_What needs to be done_.
Could you copy exactly the lines from the one containing "- un scarabée" through the last line of the records, leaving out every picture?

*** Opening Dataset ***

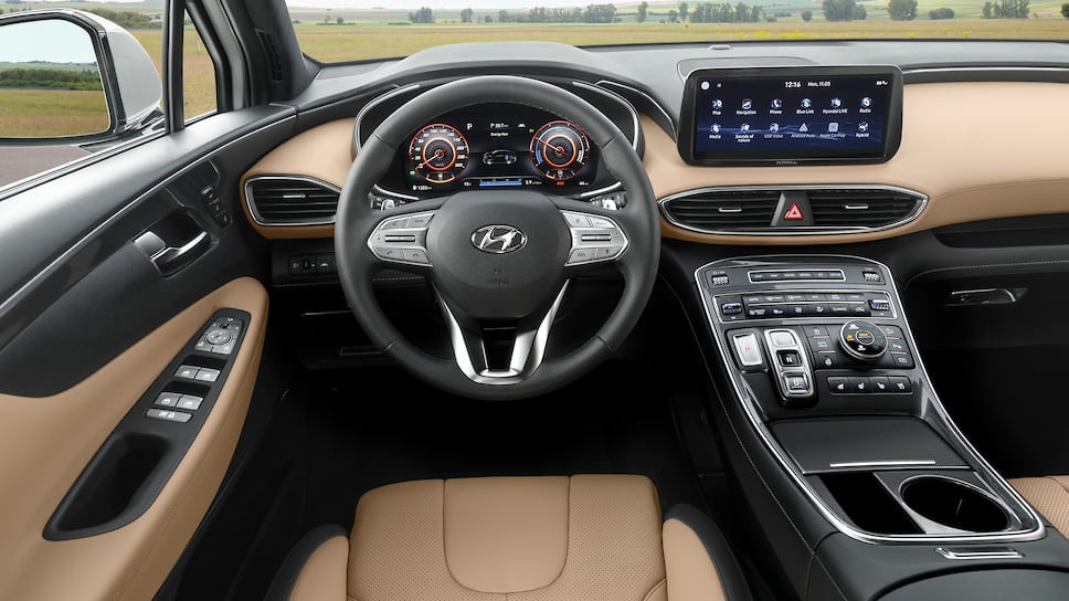 Также у машины переработан интерьер. Santa Fe получил новую мультимедийную систему с 10,25-дюймовым дисплеем, 12,3-дюймовую цифровую панель приборов и кнопочное управление коробкой передач.
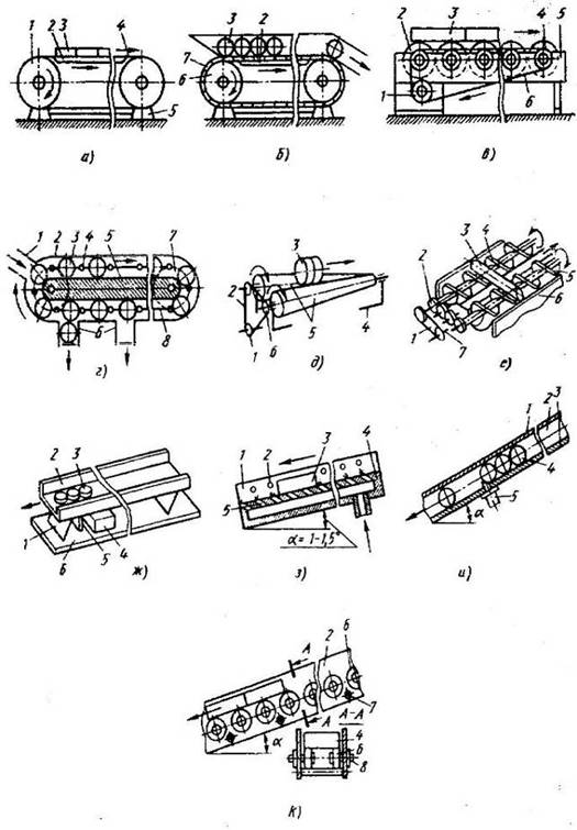 предназначены для гравитационного перемещения заготовок качением по роликам или скольжением по наклонной (в большей части прямой) поверхности длиной 2..5 м и более (рис. 8, и, к). Угол наклона конвейеров устанавливается в зависимости от способа перемещения заготовок, их массы и материала. При перемещении деталей качением
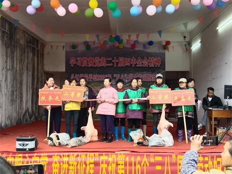 比赛结束后,村里为获胜者颁发了别出心裁的奖品——新鲜的猪肉和土鸭。这些接地气的奖品不仅实用,更增添了节日的喜庆气氛。随后,一场由村民自编自导自演的文艺汇演精彩上演,歌舞、舞台剧等节目轮番登场,充分展示了扶平村妇女积极向上、多才多艺的精神风貌,赢得了现场观众的阵阵掌声。
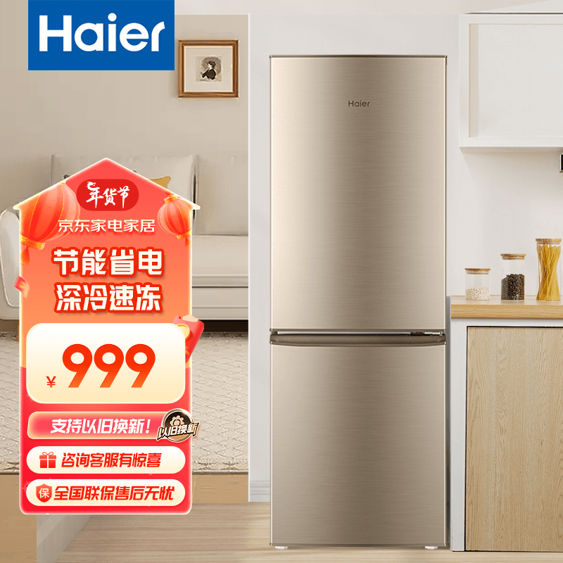 海尔(Haier)冰箱180升小型家用宿舍租房家电双门小冰箱节能省电深冷速冻直冷迷你两门电冰箱价格:999.00元!
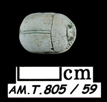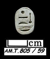 - un scarabée de faïence portant des signes égyptiens (T. 805/59 ; fig. 5 et 6) ;
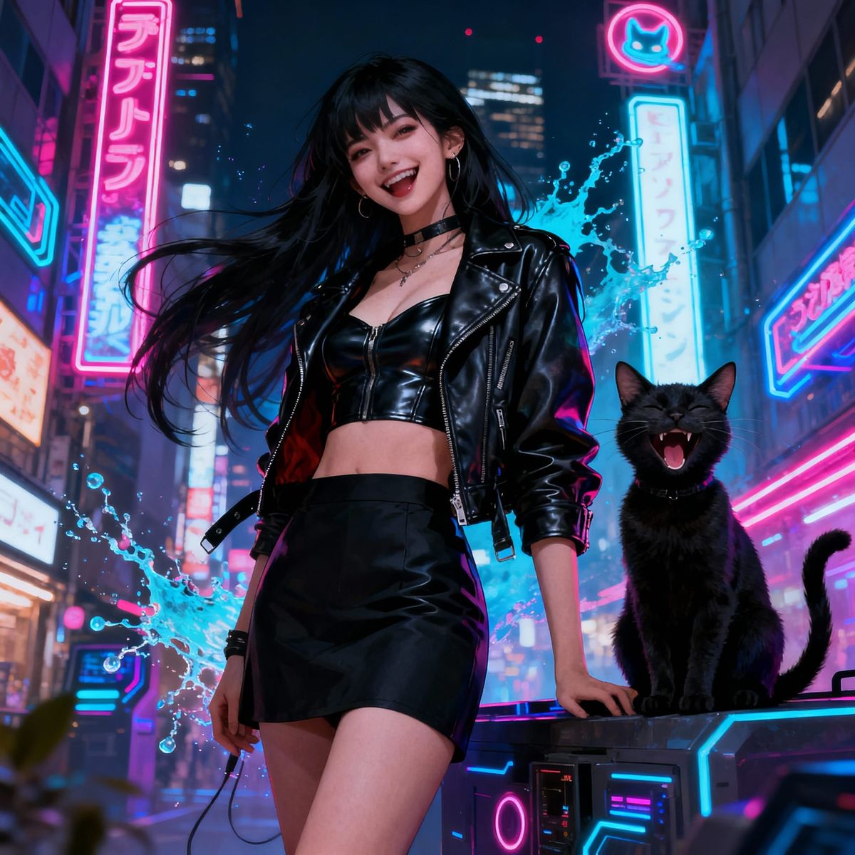 A woman with long black hair and a black outfit stands in Tokyo at night, surrounded by neon lights. A black cat is present in this detailed, fantastical matte painting.
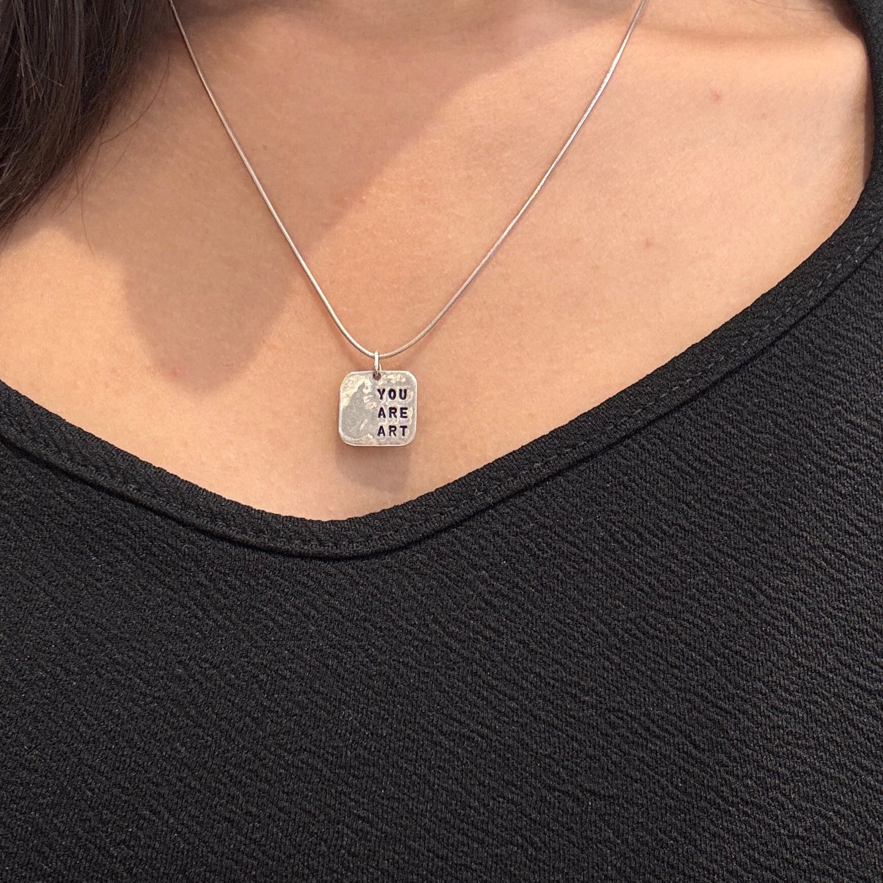 Wear your expression with this you are art necklace in 925 silver—a lightweight piece that adds a touch of elegance to your everyday style. At just (approximately) 4.5 g, it’s perfect for daily wear, reminding you that, like this necklace, you too are a unique piece of art. The pendant's (approximately) 14x14 mm size and (approximately)1 mm thickness make it subtle yet striking, while the 18-inch chain sits gracefully around your neck. you are art is a unisex necklace, suitable for anyone.
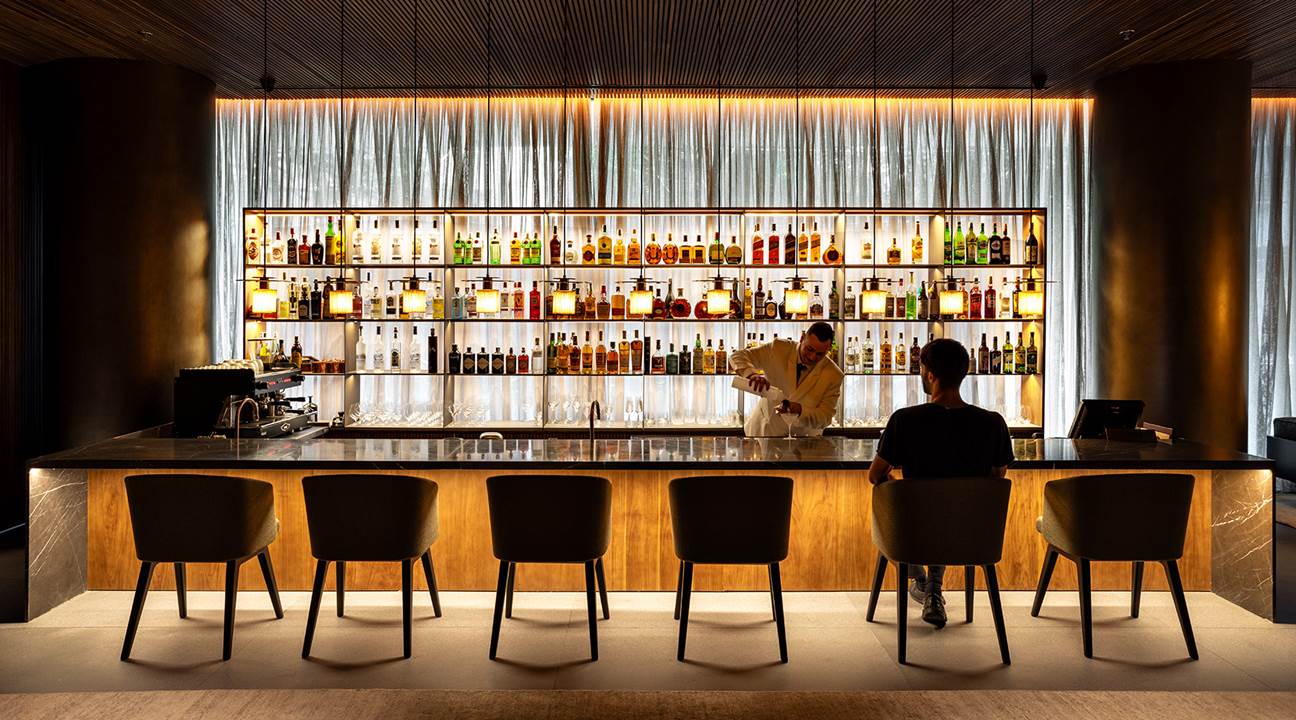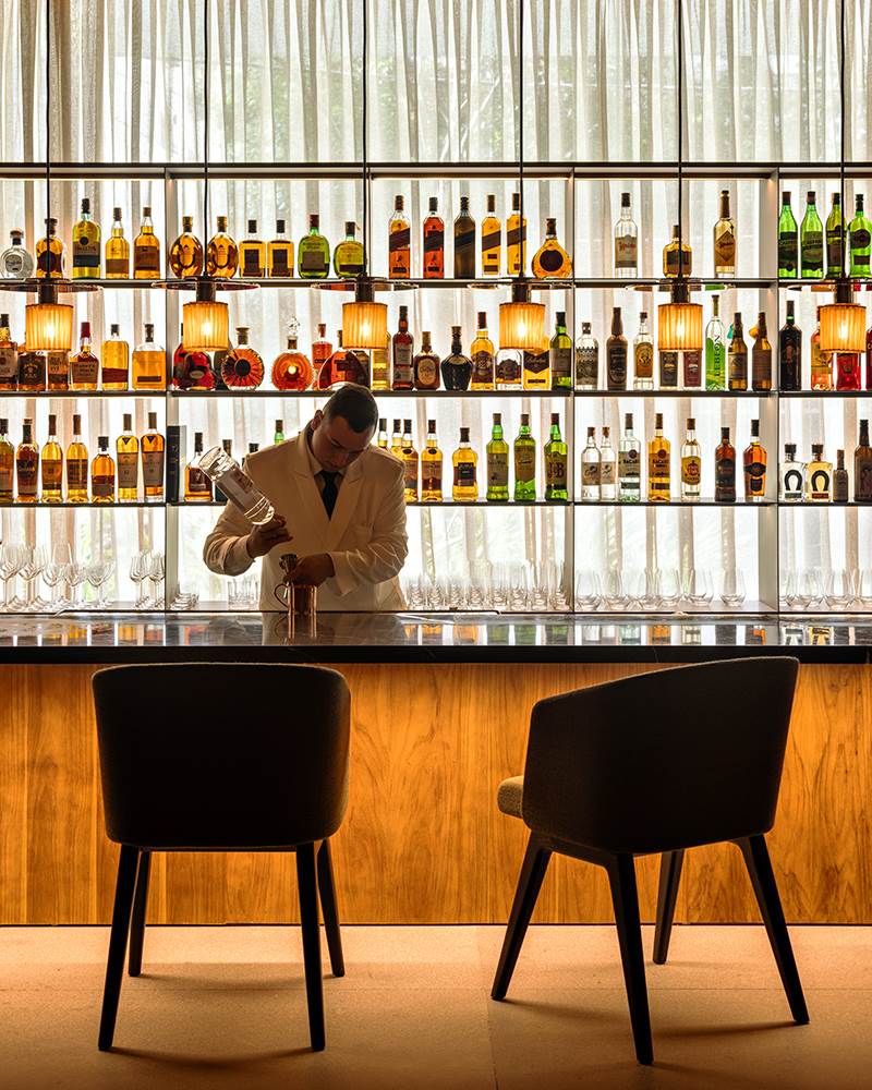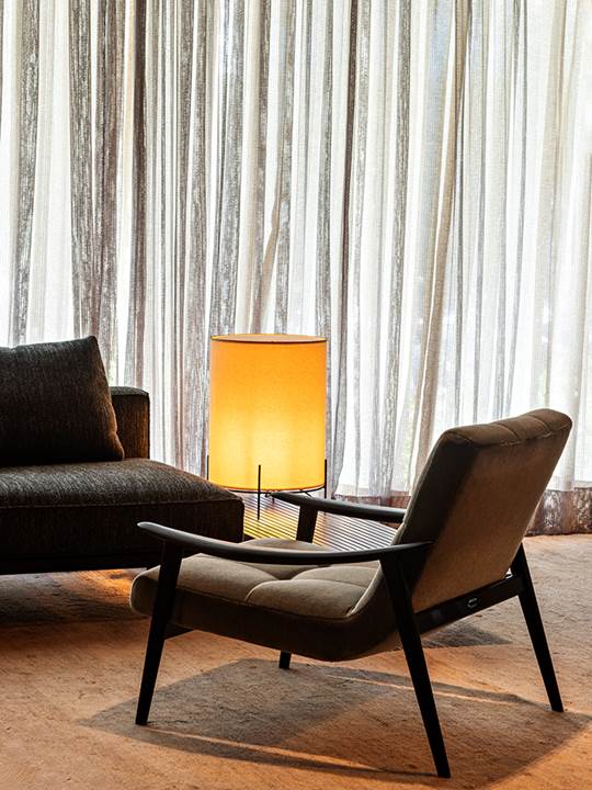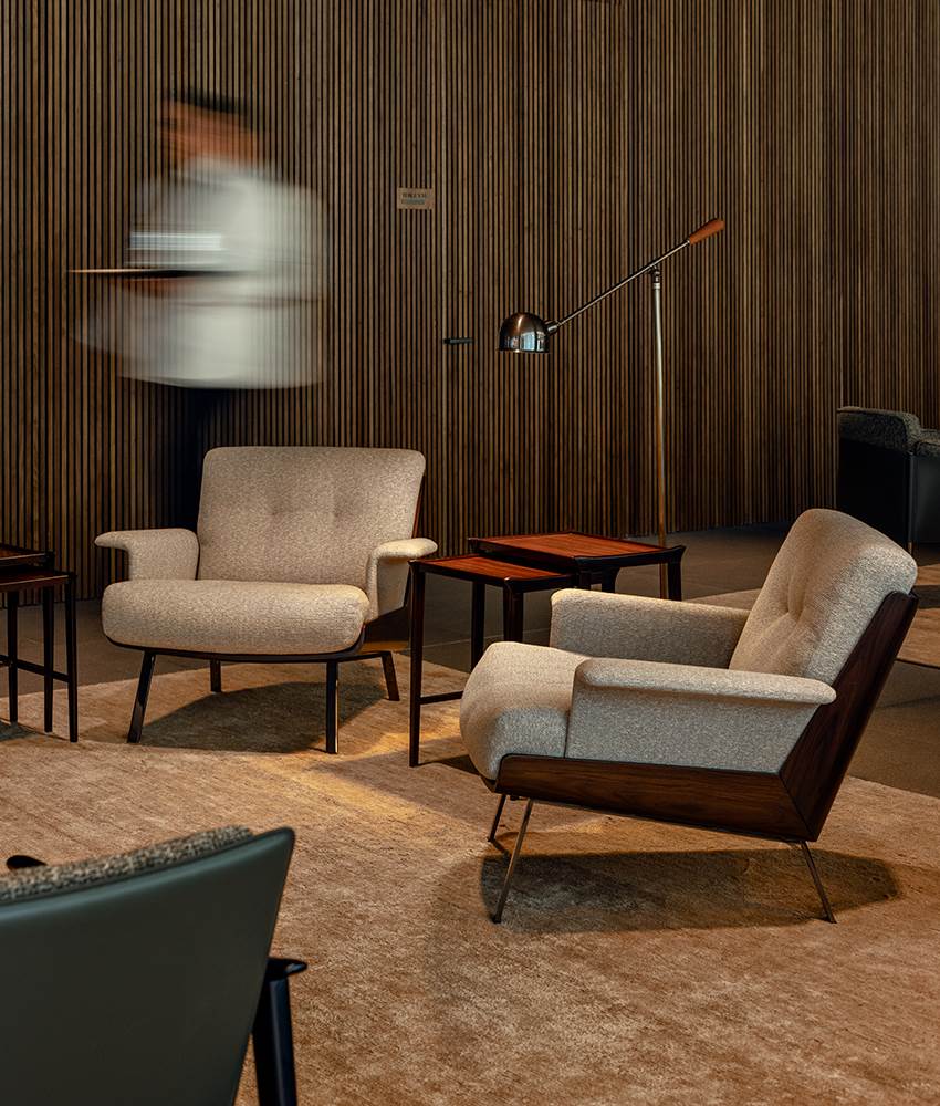 Marcio Kogan / Studio MK27设计的Brasilia沙发座椅系列采用黑色皮革和淡雅的灰色调织物覆面,与标志性的Daiki扶手椅相得益彰,这款扶手椅也是巴西建筑师Marcio Kogan的设计作品,选用深棕色Santos花梨木打造出别具一格的弧形外壳。大堂还摆放着GamFratesi设计的Fynn扶手椅,其特点在于轻盈的美感和优雅的木制结构,搭配Marcio Kogan / Studio MK27设计的Superquadra边几,大理石和Santos花梨木组合在一起的台面令人眼前一亮。吧台也有Minotti的身影,此处选用Rodolfo Dordoni设计的Reeves高脚椅、GamFratesi设计的Shelley休闲扶手椅,座椅的别致之处在于皮革材质的立方体造型和温馨舒适的椅面设计。

*** Closing Dataset ***

_Expected output_.
 - un scarabée de faïence portant des signes égyptiens (T. 805/59 ; fig. 5 et 6) ;
 A woman with long black hair and a black outfit stands in Tokyo at night, surrounded by neon lights. A black cat is present in this detailed, fantastical matte painting.
 Wear your expression with this you are art necklace in 925 silver—a lightweight piece that adds a touch of elegance to your everyday style. At just (approximately) 4.5 g, it’s perfect for daily wear, reminding you that, like this necklace, you too are a unique piece of art. The pendant's (approximately) 14x14 mm size and (approximately)1 mm thickness make it subtle yet striking, while the 18-inch chain sits gracefully around your neck. you are art is a unisex necklace, suitable for anyone.
 Marcio Kogan / Studio MK27设计的Brasilia沙发座椅系列采用黑色皮革和淡雅的灰色调织物覆面,与标志性的Daiki扶手椅相得益彰,这款扶手椅也是巴西建筑师Marcio Kogan的设计作品,选用深棕色Santos花梨木打造出别具一格的弧形外壳。大堂还摆放着GamFratesi设计的Fynn扶手椅,其特点在于轻盈的美感和优雅的木制结构,搭配Marcio Kogan / Studio MK27设计的Superquadra边几,大理石和Santos花梨木组合在一起的台面令人眼前一亮。吧台也有Minotti的身影,此处选用Rodolfo Dordoni设计的Reeves高脚椅、GamFratesi设计的Shelley休闲扶手椅,座椅的别致之处在于皮革材质的立方体造型和温馨舒适的椅面设计。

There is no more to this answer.